(Beginning of DATA SHOWN)

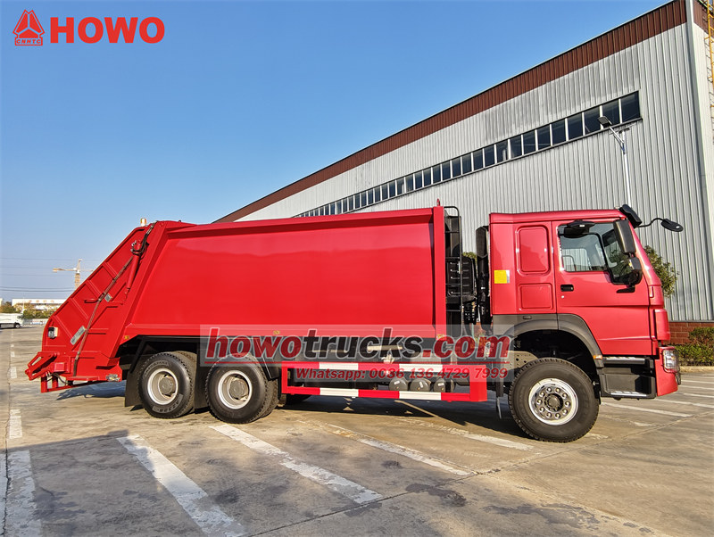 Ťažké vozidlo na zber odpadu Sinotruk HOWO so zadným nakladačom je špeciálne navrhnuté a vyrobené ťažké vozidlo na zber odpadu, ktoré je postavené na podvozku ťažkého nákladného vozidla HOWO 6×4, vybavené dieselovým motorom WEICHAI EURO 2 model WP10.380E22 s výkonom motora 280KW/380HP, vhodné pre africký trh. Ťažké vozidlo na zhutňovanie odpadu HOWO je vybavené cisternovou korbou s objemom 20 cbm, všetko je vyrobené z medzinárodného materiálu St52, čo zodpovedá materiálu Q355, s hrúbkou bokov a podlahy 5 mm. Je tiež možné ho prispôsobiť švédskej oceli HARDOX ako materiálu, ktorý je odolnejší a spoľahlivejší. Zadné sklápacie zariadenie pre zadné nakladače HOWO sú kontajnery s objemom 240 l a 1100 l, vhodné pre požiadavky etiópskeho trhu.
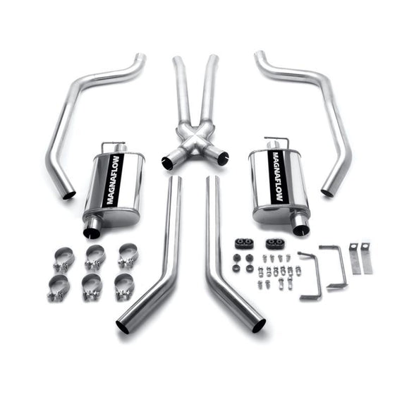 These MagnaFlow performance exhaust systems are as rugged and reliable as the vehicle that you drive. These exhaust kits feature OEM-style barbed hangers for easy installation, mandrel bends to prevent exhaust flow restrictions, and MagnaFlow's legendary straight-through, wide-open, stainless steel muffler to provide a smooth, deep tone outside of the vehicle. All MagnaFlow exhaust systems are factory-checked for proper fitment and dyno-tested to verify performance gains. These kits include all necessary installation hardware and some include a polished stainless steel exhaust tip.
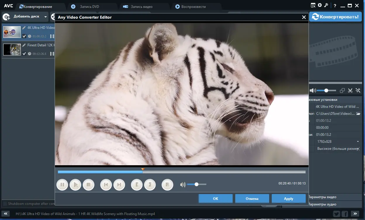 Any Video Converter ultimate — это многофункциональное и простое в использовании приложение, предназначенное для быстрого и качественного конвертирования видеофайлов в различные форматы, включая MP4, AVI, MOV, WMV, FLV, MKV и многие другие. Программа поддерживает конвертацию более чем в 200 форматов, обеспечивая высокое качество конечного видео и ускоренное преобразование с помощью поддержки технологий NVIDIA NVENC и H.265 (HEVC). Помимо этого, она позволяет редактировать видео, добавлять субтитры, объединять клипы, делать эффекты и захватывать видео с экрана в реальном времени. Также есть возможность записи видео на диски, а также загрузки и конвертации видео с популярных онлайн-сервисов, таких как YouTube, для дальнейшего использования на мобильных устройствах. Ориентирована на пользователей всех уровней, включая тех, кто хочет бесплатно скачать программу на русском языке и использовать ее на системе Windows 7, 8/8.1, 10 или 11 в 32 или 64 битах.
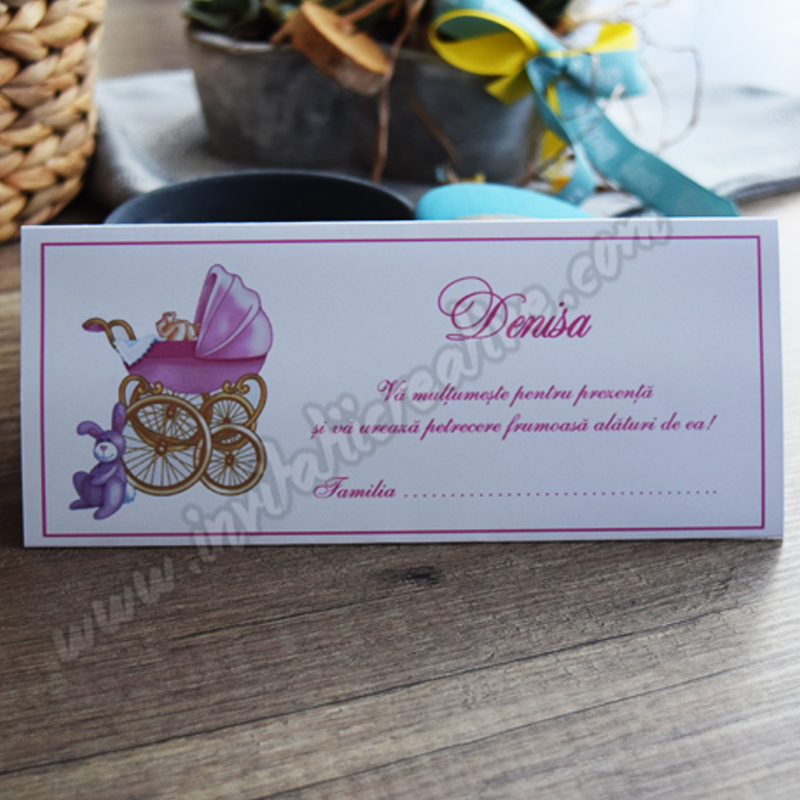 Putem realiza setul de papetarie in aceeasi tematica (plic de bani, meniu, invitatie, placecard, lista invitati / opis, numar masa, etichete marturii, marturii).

(End of DATA SHOWN)
(Beginning of DATA SHOWN)

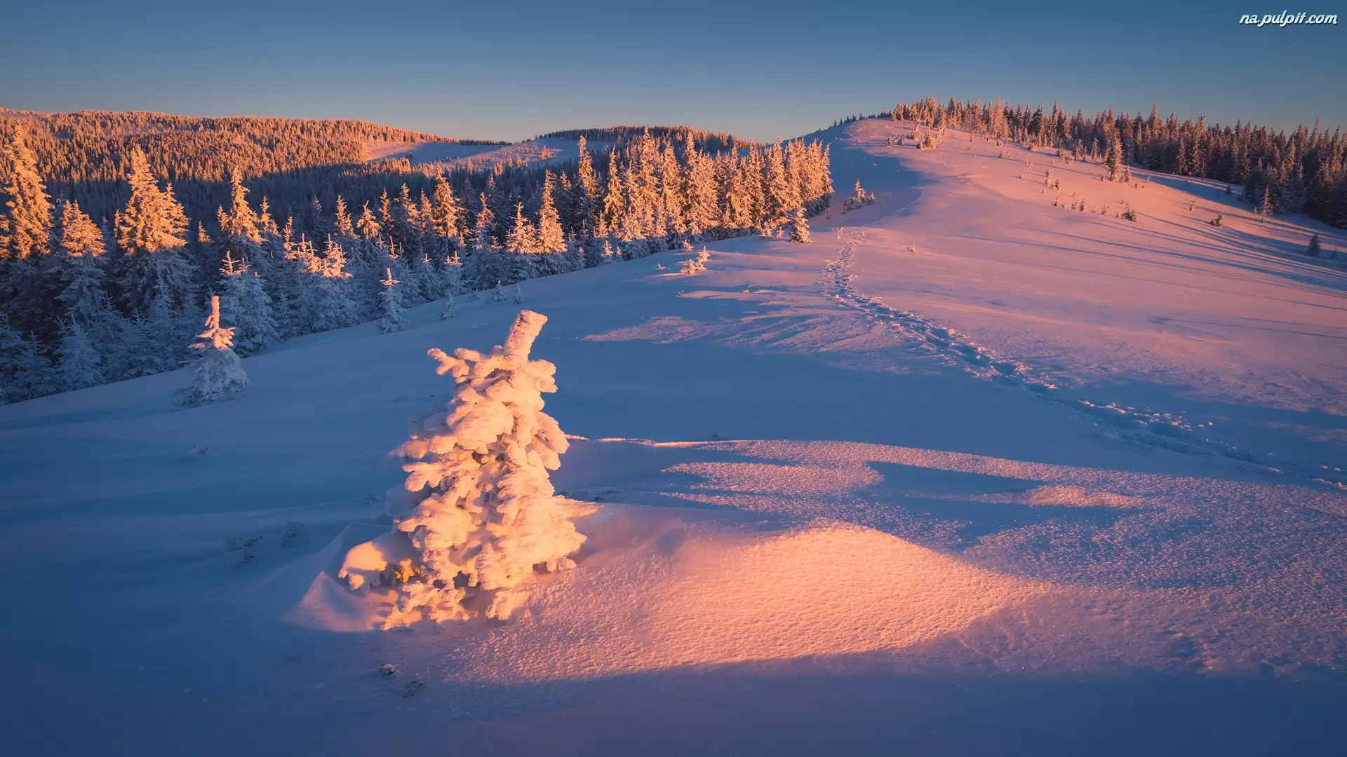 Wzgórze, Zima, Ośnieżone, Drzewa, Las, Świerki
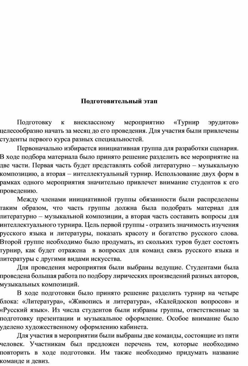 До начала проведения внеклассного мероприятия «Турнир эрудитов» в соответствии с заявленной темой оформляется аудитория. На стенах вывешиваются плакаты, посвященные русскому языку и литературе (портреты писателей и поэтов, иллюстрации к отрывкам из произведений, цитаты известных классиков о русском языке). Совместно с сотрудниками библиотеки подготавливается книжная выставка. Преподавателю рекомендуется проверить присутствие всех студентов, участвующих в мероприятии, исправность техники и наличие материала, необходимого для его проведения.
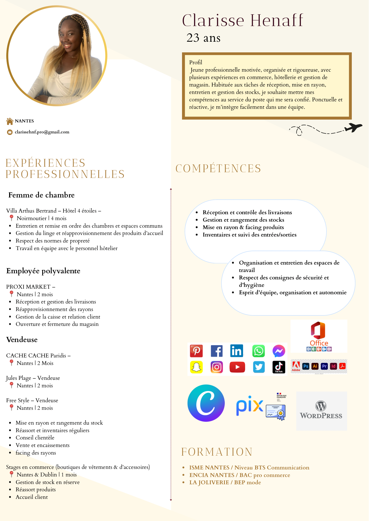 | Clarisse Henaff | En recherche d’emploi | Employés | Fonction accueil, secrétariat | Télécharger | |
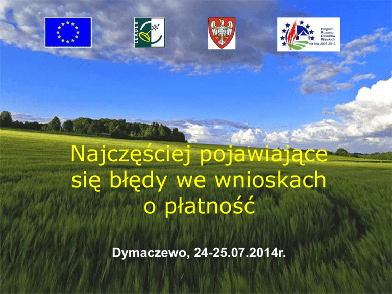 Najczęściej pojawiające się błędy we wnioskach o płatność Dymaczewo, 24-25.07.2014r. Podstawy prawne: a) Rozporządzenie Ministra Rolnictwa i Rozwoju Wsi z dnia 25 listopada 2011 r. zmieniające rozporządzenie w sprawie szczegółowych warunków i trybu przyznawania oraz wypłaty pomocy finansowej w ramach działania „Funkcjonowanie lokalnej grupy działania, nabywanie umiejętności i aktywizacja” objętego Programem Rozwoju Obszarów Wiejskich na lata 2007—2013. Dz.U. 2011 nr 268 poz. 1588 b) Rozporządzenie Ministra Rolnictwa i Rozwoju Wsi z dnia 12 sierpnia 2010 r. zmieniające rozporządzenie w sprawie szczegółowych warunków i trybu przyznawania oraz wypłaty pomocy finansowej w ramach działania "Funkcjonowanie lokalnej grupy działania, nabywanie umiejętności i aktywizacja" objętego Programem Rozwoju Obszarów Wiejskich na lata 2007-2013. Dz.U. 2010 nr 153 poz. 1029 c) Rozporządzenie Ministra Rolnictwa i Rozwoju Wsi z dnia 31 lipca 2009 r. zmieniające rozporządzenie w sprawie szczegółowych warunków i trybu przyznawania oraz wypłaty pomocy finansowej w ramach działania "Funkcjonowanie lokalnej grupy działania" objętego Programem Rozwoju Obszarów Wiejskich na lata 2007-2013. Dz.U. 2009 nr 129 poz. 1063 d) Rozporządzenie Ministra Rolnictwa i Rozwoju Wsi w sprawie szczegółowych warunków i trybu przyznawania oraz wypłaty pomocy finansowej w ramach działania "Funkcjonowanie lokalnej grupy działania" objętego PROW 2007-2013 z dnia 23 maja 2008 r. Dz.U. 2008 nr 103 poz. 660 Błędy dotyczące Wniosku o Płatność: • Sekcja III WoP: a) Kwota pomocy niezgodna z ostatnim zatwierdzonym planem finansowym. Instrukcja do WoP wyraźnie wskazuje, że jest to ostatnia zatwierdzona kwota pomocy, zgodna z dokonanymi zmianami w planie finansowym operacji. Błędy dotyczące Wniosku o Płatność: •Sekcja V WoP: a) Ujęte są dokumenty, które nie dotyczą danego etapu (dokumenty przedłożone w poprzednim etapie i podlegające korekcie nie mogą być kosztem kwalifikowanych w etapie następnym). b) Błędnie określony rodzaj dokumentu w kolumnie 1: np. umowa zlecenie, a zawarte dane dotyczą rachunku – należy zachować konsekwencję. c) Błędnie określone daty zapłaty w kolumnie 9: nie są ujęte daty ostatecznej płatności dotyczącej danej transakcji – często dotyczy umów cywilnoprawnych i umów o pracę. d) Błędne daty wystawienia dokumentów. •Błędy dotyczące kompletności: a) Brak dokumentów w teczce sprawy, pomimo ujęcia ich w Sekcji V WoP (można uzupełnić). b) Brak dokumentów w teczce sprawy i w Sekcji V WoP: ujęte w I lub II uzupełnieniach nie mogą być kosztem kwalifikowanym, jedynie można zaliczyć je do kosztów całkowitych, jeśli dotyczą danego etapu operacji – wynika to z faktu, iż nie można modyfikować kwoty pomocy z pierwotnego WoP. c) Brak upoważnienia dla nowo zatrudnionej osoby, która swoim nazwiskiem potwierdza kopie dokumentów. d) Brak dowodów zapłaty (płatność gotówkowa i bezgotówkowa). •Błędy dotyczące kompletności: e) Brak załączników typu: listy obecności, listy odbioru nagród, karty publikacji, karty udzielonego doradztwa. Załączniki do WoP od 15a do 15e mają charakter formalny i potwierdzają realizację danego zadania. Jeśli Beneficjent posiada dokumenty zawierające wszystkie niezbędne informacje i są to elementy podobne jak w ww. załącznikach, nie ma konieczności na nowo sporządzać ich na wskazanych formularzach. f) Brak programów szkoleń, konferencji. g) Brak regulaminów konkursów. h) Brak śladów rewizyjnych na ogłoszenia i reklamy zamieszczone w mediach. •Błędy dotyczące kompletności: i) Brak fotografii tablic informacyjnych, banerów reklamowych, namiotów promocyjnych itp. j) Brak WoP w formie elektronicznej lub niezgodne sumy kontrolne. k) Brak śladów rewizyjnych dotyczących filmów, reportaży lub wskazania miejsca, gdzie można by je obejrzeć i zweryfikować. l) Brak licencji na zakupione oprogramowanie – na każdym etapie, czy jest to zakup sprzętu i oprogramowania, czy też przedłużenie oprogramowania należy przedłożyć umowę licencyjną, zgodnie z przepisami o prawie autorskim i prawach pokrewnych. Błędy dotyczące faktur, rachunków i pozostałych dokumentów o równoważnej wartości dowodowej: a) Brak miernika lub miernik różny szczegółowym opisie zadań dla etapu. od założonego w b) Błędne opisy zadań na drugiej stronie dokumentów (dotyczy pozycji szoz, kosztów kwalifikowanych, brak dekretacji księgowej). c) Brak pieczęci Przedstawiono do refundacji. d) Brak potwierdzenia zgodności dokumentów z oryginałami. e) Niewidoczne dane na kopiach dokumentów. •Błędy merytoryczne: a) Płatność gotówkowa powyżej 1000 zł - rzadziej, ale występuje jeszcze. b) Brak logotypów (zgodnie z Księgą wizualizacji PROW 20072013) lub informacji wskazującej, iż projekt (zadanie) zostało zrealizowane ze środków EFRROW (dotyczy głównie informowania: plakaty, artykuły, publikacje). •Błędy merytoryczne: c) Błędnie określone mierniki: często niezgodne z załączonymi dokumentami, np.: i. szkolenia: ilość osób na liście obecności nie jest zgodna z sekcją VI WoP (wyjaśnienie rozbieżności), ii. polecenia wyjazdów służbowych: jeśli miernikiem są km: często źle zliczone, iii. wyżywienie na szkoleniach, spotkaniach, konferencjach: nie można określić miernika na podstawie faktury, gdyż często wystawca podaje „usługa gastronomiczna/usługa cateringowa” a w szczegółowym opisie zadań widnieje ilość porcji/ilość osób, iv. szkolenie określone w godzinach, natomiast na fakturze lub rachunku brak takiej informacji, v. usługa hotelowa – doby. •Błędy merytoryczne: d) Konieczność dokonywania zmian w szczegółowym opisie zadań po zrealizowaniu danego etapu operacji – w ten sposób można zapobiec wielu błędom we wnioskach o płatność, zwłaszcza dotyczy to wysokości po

(End of DATA SHOWN)
(Beginning of DATA SHOWN)

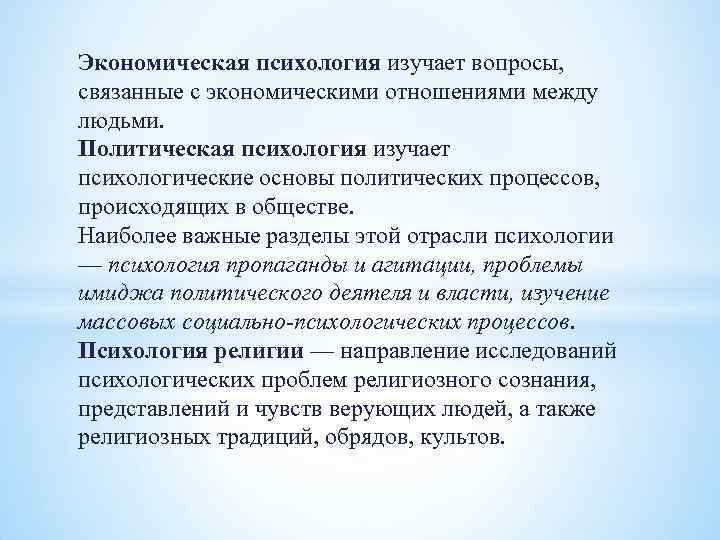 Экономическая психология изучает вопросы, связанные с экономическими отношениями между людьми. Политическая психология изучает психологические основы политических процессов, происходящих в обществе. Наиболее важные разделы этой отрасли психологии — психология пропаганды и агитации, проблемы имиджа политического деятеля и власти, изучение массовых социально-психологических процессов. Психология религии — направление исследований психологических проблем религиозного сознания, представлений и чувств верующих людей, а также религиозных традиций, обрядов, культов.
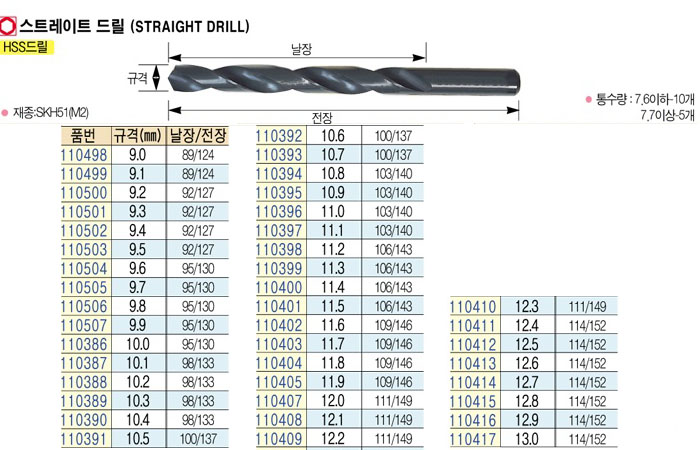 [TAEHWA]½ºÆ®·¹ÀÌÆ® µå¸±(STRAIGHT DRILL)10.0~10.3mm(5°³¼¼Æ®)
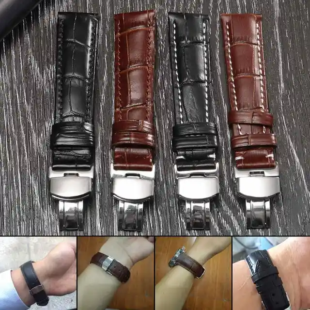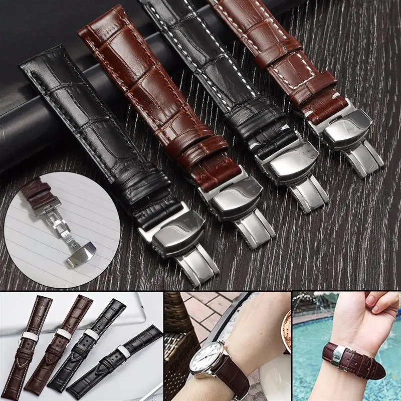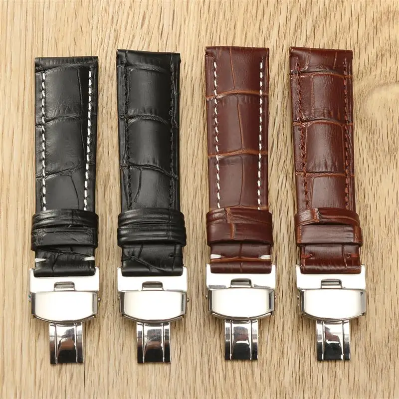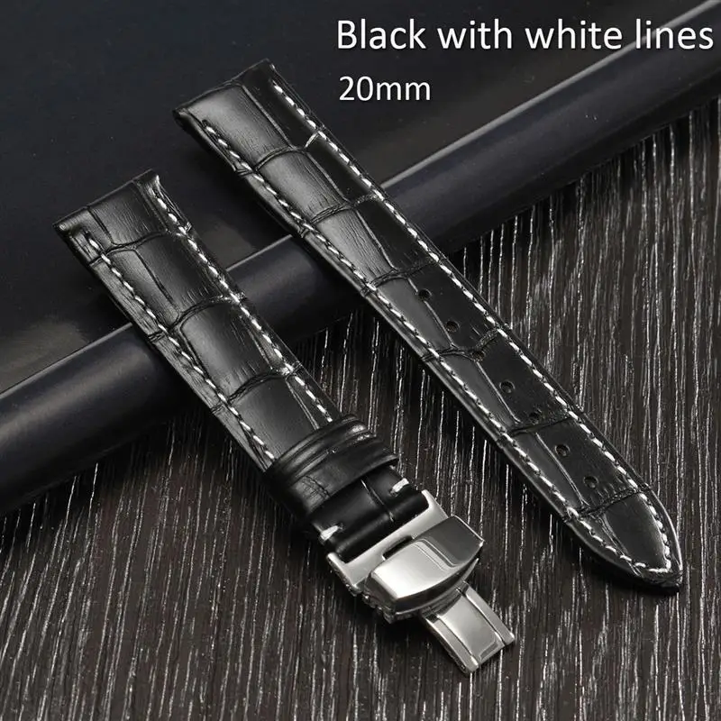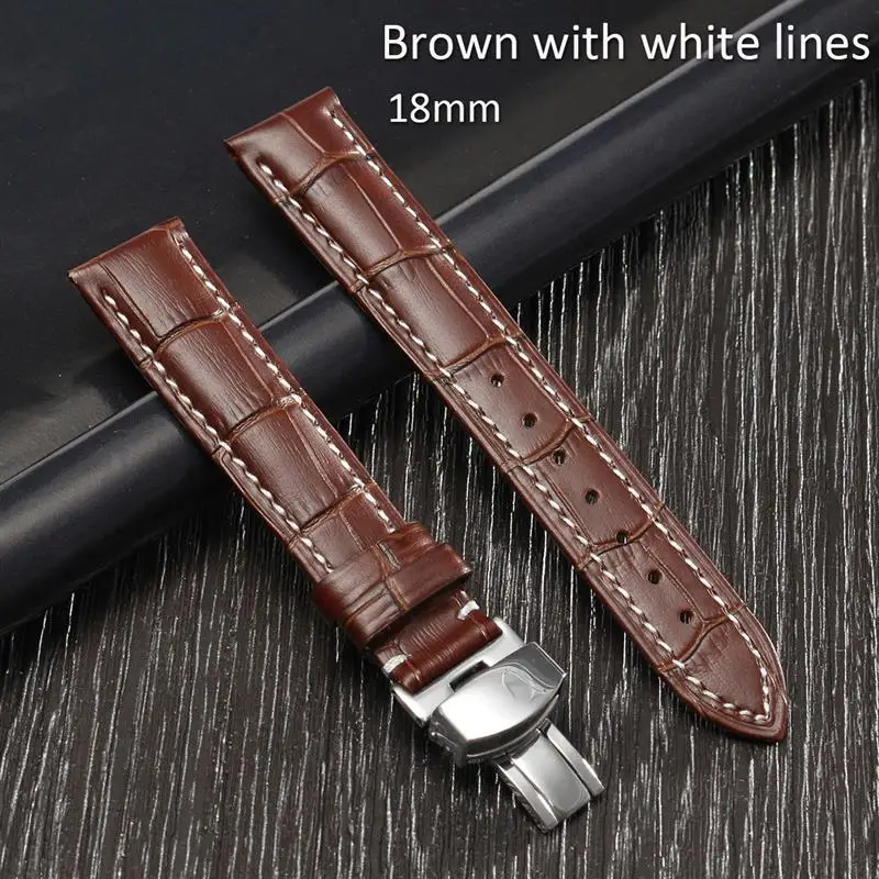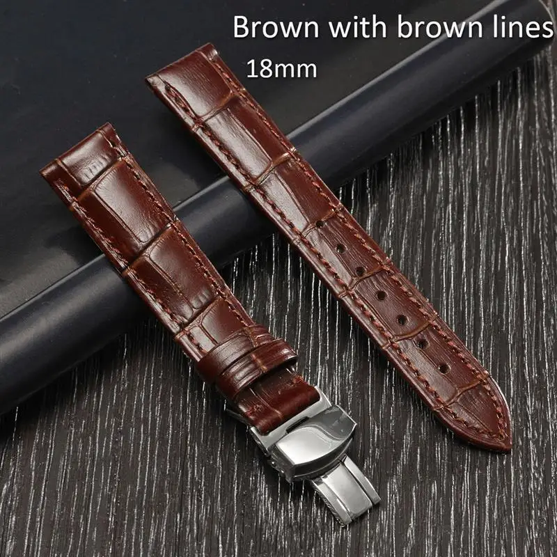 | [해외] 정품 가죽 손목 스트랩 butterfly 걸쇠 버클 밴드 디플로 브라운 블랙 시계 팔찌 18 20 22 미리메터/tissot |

(End of DATA SHOWN)

→ TASK TO COMPLETE: In the listing above, the required lines run from the line with "[TAEHWA]½ºÆ®·¹ÀÌÆ® µå¸±(STRAIGHT DRILL)10.0~10.3mm(5°³¼¼Æ®)" through the line with "22 미리메터/tissot |". Output exactly those lines, omitting pictures.

→ EXERCISE ANSWER:
 [TAEHWA]½ºÆ®·¹ÀÌÆ® µå¸±(STRAIGHT DRILL)10.0~10.3mm(5°³¼¼Æ®)
 | [해외] 정품 가죽 손목 스트랩 butterfly 걸쇠 버클 밴드 디플로 브라운 블랙 시계 팔찌 18 20 22 미리메터/tissot |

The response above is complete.